## Data supplied
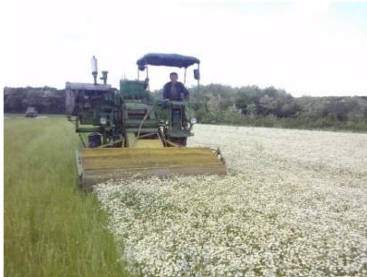
Slika 3. Berba kamilice

Njega usjeva u ekološko prihvatljivoj proizvodnji kamilice je delikatna. Zaštita kamilice se ne oslanja na samo jednu metodu već na zajedničko djelovanje više njih. Potreban je odabir kvalitetnog sjemena jer čistoća sjemena uvjetuje rast korova u usjevu. Pravilna obrada tla, oranje uništava korov prije sjetve. Pravilan plodored, smanjuje zakorovljenost te sprječava pojavu štetnika. Gnojidba dušikom u proljeće potiče rast kamilice u odnosu na korov.
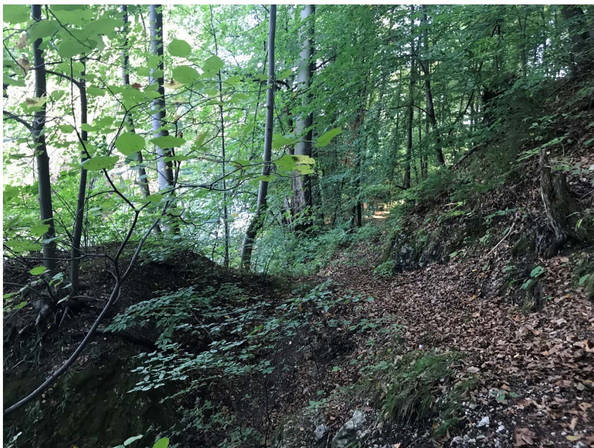
Foto 51 – extravilán Medzibrod, strmý skalný svah pri moste na ceste I/66 nad riekou Hron V mieste charakteristického rezu VR B-14
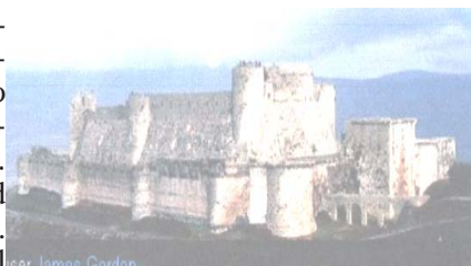
Krak des Chevaliers

Krak . Proseguimento per Palmyra . Check-in, cena e pernottamento all'hotel Zenobia Cham Palace o al Palmyra Oasis Boutique Hotel****.
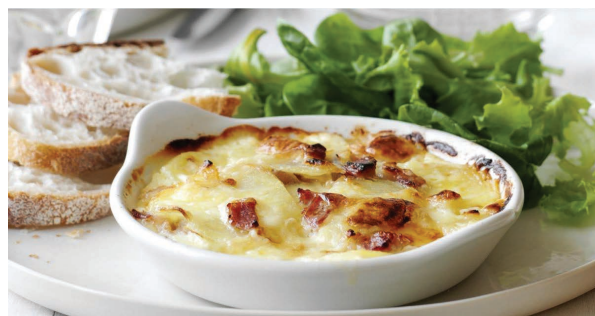
TARTIFLETTE SALAD Patate al forno con pancetta croccante e cipolle, il tutto avvolto dalla cremosita del Reblochon fuso e gratinato. 19.00
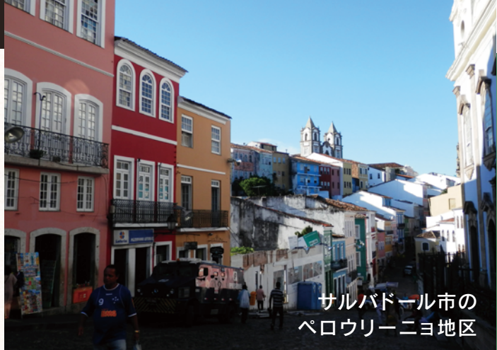
サルバドル市の ペロウリーニョ地区

ポルトガル語が公用語の国は世界に8ヶ国ありますが、授業で勉強するのはその中でも最も話者人口の多い「ブラジル」のポルトガル語です。文化紹介もブラジルについて取り扱います。ブラジルと聞くと誰もが「サッカー」「コーヒー」「リオのカーニバル」「アマゾン」など何かしらイメージが湧く国ですよね。ブラジルは地理的には日本から遠いですが、実は世界の中で日本人・日系人が最も多く住んでいる国なんです。
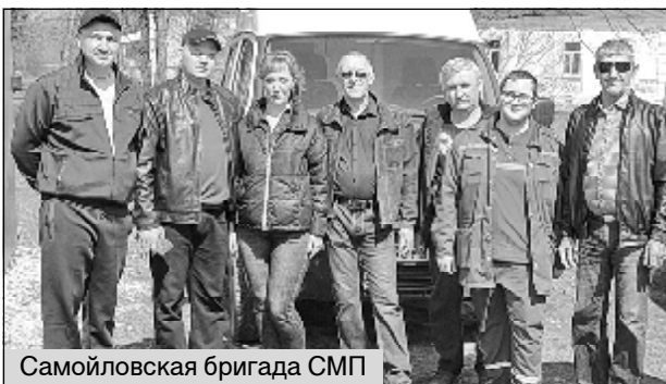
Самойловская бригада СМП
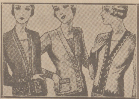
Blusas choquelitas de 7, 8, 10, 12 y 15 ptas.
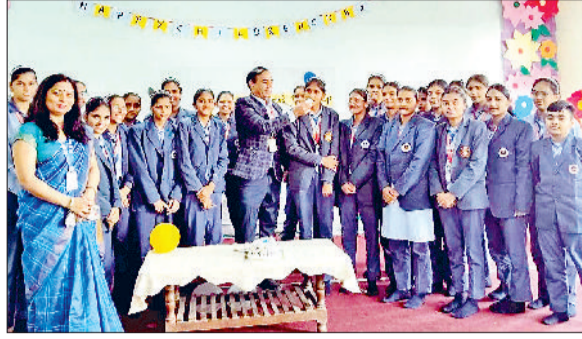
झज्जर। कार्यक्रम के दौरान विजयी चिन्ह बनाते हुए विजेता प्रतिभागी।
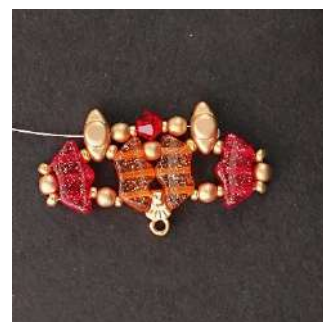
12) In questo modo
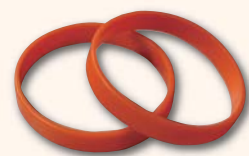
▲認知症サポーターの目印「オレンジリング」

認知症サポーターとは、何か特別なことをする人ではありません。講座で正しい知識を習得し、自分のできる範囲で認知症の人を応援するのが認知症サポーターの役割です。

## The problem
Quote, word for word and nothing more, every line from the line with "Krak . Proseguimento" to the end of the entries, including both ends; skip any pictures.

## Exercise solution
Krak . Proseguimento per Palmyra . Check-in, cena e pernottamento all'hotel Zenobia Cham Palace o al Palmyra Oasis Boutique Hotel****.
TARTIFLETTE SALAD Patate al forno con pancetta croccante e cipolle, il tutto avvolto dalla cremosita del Reblochon fuso e gratinato. 19.00
サルバドル市の ペロウリーニョ地区

ポルトガル語が公用語の国は世界に8ヶ国ありますが、授業で勉強するのはその中でも最も話者人口の多い「ブラジル」のポルトガル語です。文化紹介もブラジルについて取り扱います。ブラジルと聞くと誰もが「サッカー」「コーヒー」「リオのカーニバル」「アマゾン」など何かしらイメージが湧く国ですよね。ブラジルは地理的には日本から遠いですが、実は世界の中で日本人・日系人が最も多く住んでいる国なんです。
Самойловская бригада СМП
Blusas choquelitas de 7, 8, 10, 12 y 15 ptas.
झज्जर। कार्यक्रम के दौरान विजयी चिन्ह बनाते हुए विजेता प्रतिभागी।
12) In questo modo
▲認知症サポーターの目印「オレンジリング」

認知症サポーターとは、何か特別なことをする人ではありません。講座で正しい知識を習得し、自分のできる範囲で認知症の人を応援するのが認知症サポーターの役割です。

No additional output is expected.